BOBBY LABONTE -- No. 96 Ford Fusion

WHAT HAS YOU SO PUMPED UP ABOUT THIS OPPORTUNITY? "Obviously, is a great sponsor. They're a great search engine and they're gonna activate the program, so I know that's gonna be a huge, huge thing. You're gonna see a lot of logos at the race track, not just on the race car, but they're gonna advertise it a little bit and I think that's gonna be great for the sport. That's something we could use right now."

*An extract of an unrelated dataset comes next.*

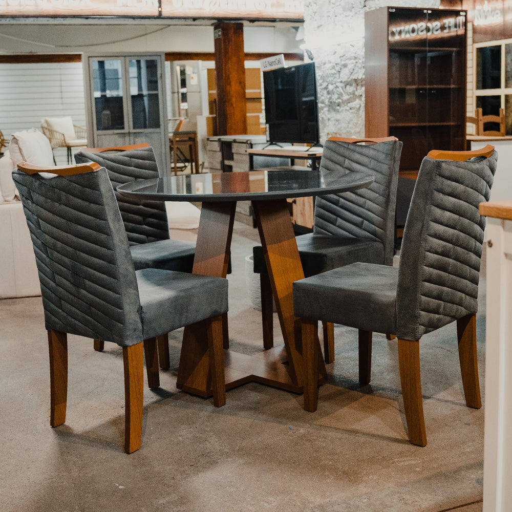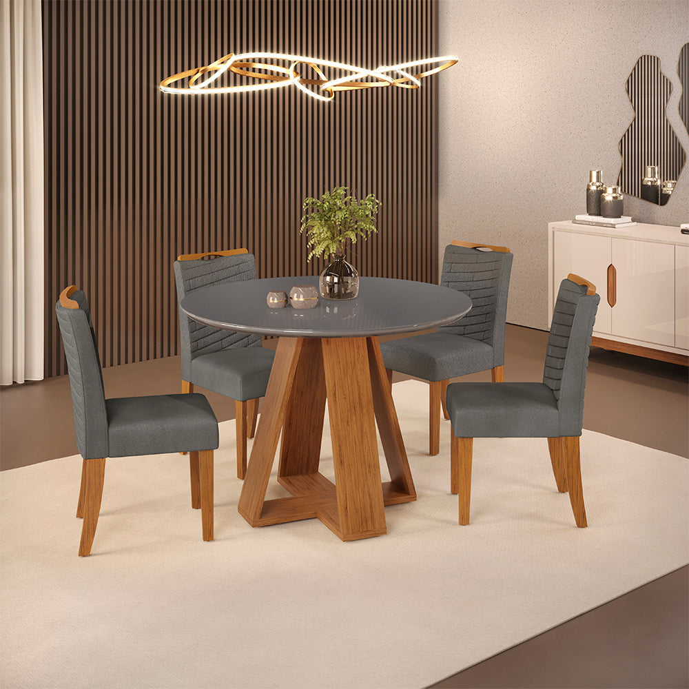 Juego De Comedor 4 Sillas Mesa Redonda Gris Línea París

IS THIS A NEW LEASE ON LIFE? "It really is. After Homestead last year, I think everybody from a long year and a long schedule that everybody gets to a point where they want to relax and not do anything for a little bit. That's how I felt, but I didn't have the next chapter written yet. I don't want to say that I lost hope, but obviously throughout Christmas and New Year's, I wasn't real sure. There was something here and something there, but it wasn't what I envisioned or hoped for for my career, so it's a new chapter. I get to come in and start with a fresh pen and it's a great opportunity. As a twist of fate or whatever, it's not just an oh-by-the-way here's something for you to do, it's a darn great opportunity that I do not consider a job. Like I said a while ago, this is some great equipment. We all know that, so it's gonna be a lot of fun. I know Todd (Parrott) and I are excited about this and you just know this is one of the best opportunities you can have."

DO YOU FEEL LIKE YOU'VE GOT SOMETHING TO PROVE? "Oh yeah. Again, I've spent the last three years at Petty's, which was great, but obviously this is a great opportunity also and it gets to the point where I can hopefully be a part of a program that is established in a lot of ways, but they've got fast race cars and great people working there, so it's a matter of executing that."

WHEN WAS THE LAST TIME YOU DROVE A FORD? "On the race track I drove one a couple years ago for Clarence Brewer in the Nationwide Series. Dodge was nice enough to let me do that, and then my first ride for Bill Davis was in a Ford, so that's been a while back (1993), but when you chase them on Sundays, you know how fast they are, so that's gonna be awesome."

CAN YOU TALK ABOUT THE OPPORTUNITY TO WORK WITH YATES? "I think that's what's so great about Doug and Max and everybody at Yates Racing. Yes, Robert was in this sport and Doug has kind of taken over his part of it and obviously his deal is the engines and Max runs the day-to-day stuff. With Tom and Jeff being part owners in this venture also, they're business guys that flirted with the ownership part of racing, but this kind of puts us in a little better atmosphere for those guys, but, at the same time, with Doug being around awhile, the changes that happen in this sport they change with it. They're not stuck on, 'this is how we did it back whenever.' So knowing with these guys coming in, Jim with, it's a great sponsor and it's gonna help bring a lot of attention to NASCAR, especially at a time when we need it. Knowing that we've got great race cars and great people and have a lot of resources there, in my eyes, I see big but I'm sure over the next six months I will see a whole lot more. I'm a week and two hours into the deal, so I'm excited to see more than what I've already seen and get in the race car and know what you feel one day and get used to it and get comfortable with it like an old shoe."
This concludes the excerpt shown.